Search code examples
pysparkconcatenationconcat-ws

Pyspark - Concatenate DataFrame values only for specific columns listed in one of the columns of the same dataframe


I'm struggling with this problem: There is a dataframe with couple of columns. One of this columns is a "BKColumns" column of ARRAY type which contains some of columns' names (not all) of the same dataframe. In every row of the dataframe we can have different values of column names in "BKColumns".At the very end, I would like to add another column to the dataframe which contains concatenation of values from columns mentioned in "BKColumns".

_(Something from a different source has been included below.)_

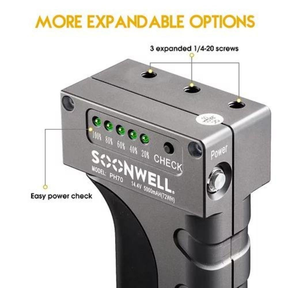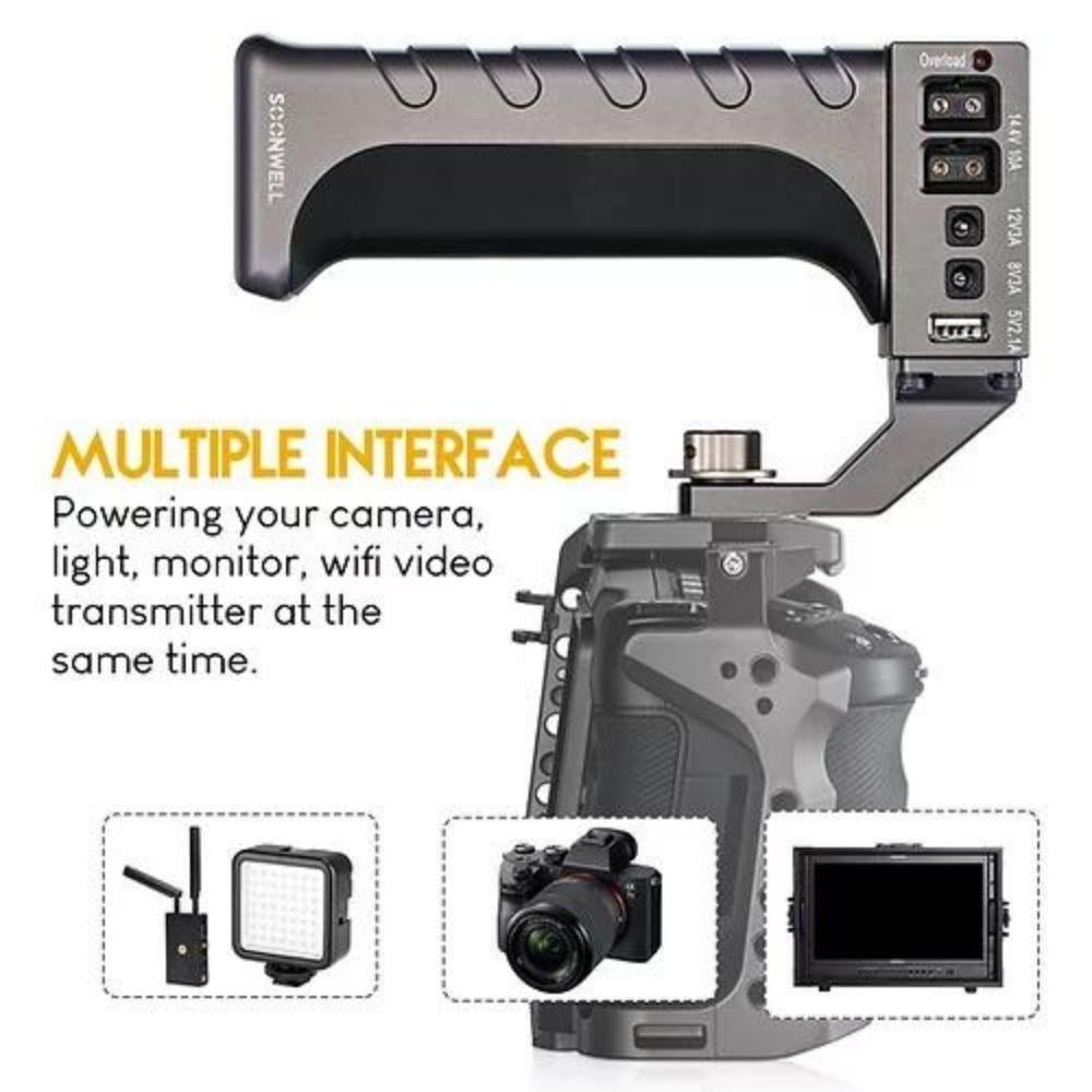 The Soonwell PH70 Battery Power Grip can be directly attached to your camera cage to charge your device.

enter image description here

I will describe it also here on the simple example: enter image description here

Unfortunately none of the below commented lines were working. It throws the error that the column is not iterable or some other errors. enter image description here


Solution

  • Since this is a dynamic problem it can't be solved by Spark's own tools. It means that python udfs should be used.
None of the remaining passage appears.